Well, I made the mistake of becoming an honor student and enrolling in Analytical Literature. For three years I was tortured with interpreting Shakespeare. Luckily, I had Mom, who would listen to me read and help me understand what the old bard was saying. One night she pounced into the room yelling, “I am here to Ceaser him not preaser him!” I think she had a dyslexic mouth when it came to pronouncing Shakespeare.
On the other hand, Mom has an excellent understanding of the secret code Shakespeare used. I remember when I was reading Hamlet’s argument with his mother my mother suddenly grabbing my hair and shaking me saying, “How dare you marry my Uncle. Dad’s not even cold in the grave, and you hopped in bed with his brother.” As she said this, she got increasingly excited shaking my head and shoulders. I was startled that my mother roughed me up so much. In retrospect, it may have been revenge for the Arachnophobia video prank.
Dorrie is a Flying Wonder Woman, or Why Mom Should Never Trust Frank and Me to Babysit Her Precious Younger Ones
Let’s face it. We weren’t just horrid to Mom; we were horrid to each other.
One day while Frank and I were babysitting our younger siblings, our sister Dorrie stood up on top of a four-foot tall dresser with a towel tied around her neck and proclaimed, “I’m Wonder Woman!” She insisted she could fly.
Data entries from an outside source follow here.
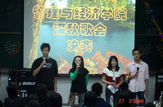 2007年10月27日上午9:30分管理与经济学院深秋歌会复赛在同学们的期盼中如期举行。
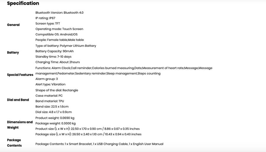 Main Features: Bluetooth 4.0 chip, low consumption and fast-paced IP67 waterproof, not afraid of rainy days or any outdoor activities 0.96 inch TFT color screen, show you high resolution images Kinds of app notifications, Wechat, Facebook, Twitter, QQ, WhatsApp, Skype, Line, G-mail Da Fitapp download, check your sports data on your phone
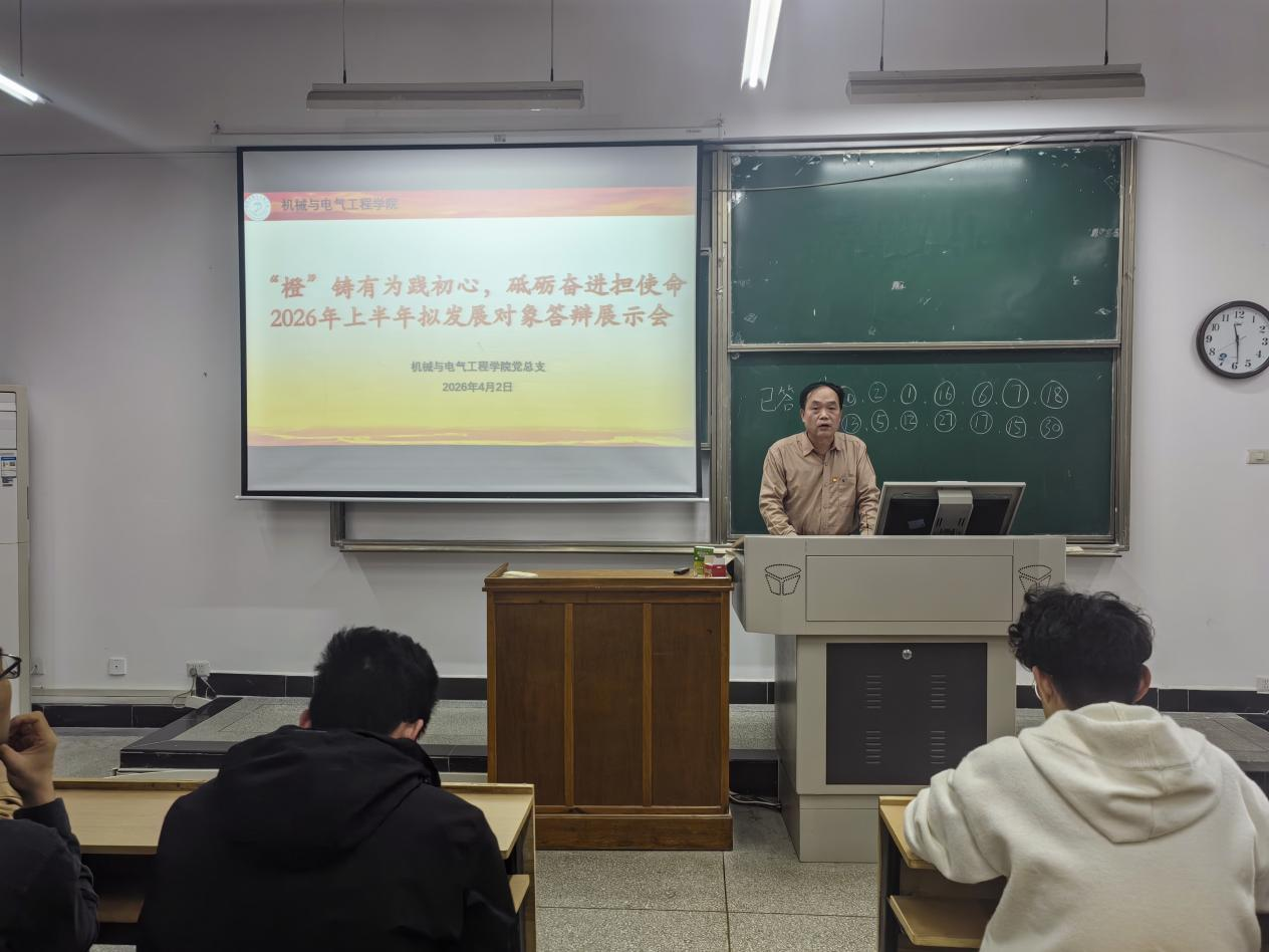 (通讯员:毛礼娜)为严把党员发展入口关,切实提升党员发展质量,4月2日,机械与电气工程学院党总支于3503举办“‘橙’铸有为践初心,砥砺奋进担使命”2026 年上半年拟发展对象答辩展示会。学院正处级组织员何秉忠、机械与电气工程学院领导班子、各党支部书记、党务干事、学生党员代表担任本次答辩评委。
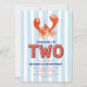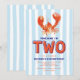 Coloque suas pinças nestos adoráveis convites de festa temática de Lagostim para a festa de 2 anos do seu pequeno! Adornado com um charmoso lagostim e emoldurado por um fundo listrado azul e branco elegante, é um convite de festa que você não vai esquecer.

I was yelling back she couldn’t and must get down immediately. Eventually, she got down, by jumping to the floor. When she fell, she didn’t get up. Freaked out and worried about getting into trouble we put her to bed and told her not to tell Mom.
Guess what? She didn’t tell Mom. After three days in bed refusing to get up, Mom finally took her to the doctor. Needless, to say, Mom was not happy to find out Dorrie broke her leg and Frank and I told her not to say anything. Amazingly, Frank and I still live and breathe. Mom has the patience of a saint.
From Cloud Gazing to Claude Monet
Mom’s children may be horrid, but she enjoyed us as much as we enjoyed torturing her. We lived near an aqueduct, river and nature trail for eleven years. Mom would take us on walks all the time. We’d cloud gaze, and she taught us the joy of looking for images in the sky. They were fantastic trips of wonder.
It’s no wonder we embarrassed Mom when she took six of her seven, then pre-teen through adult children, to the Claude Monet exhibit at the Boston Museum of Fine Arts. Did you know there is an alligator eye in one of his famous water lily paintings? We were fascinated at all the hidden images in his paintings and announced them loudly as we found them. Other patrons glared at my poor mother as if to say, control your unruly, blasphemous children.
She’s a fantastic woman, my mother. The way people reacted to us at the MFA didn’t bother her. To this day she boasts about how she raised children who love to read and appreciate fine art.
I could write a book telling the many stories about Mom and her brood. Of course, my siblings and I would fight over the details, and it would never get published.
Maybe I’ll humiliate her a bit more next Mother’s Day. Perhaps she’ll snap finally and be less one daughter after this article.
Our mother is much loved by all of us for both her strengths and her weaknesses. She instilled us with intellect, creativity, love, and insanity. She even shared this closeness with our friends, many of whom referred to her as their other mother.
We have scattered across the country, but she gets, posts, texts, instant messages, calls, and Skypes from us on a regular basis. Mom is forever stuck with her seven dastardly kids who now fight over who gets to take care of her in her old age. (Hey guys, who’s taking Dad?)
Happy Mother’s Day, Mom! Even though your other six kids aren’t here to confer with, I’m sure they agree, you’re a better mom than we seven deserve. We love you.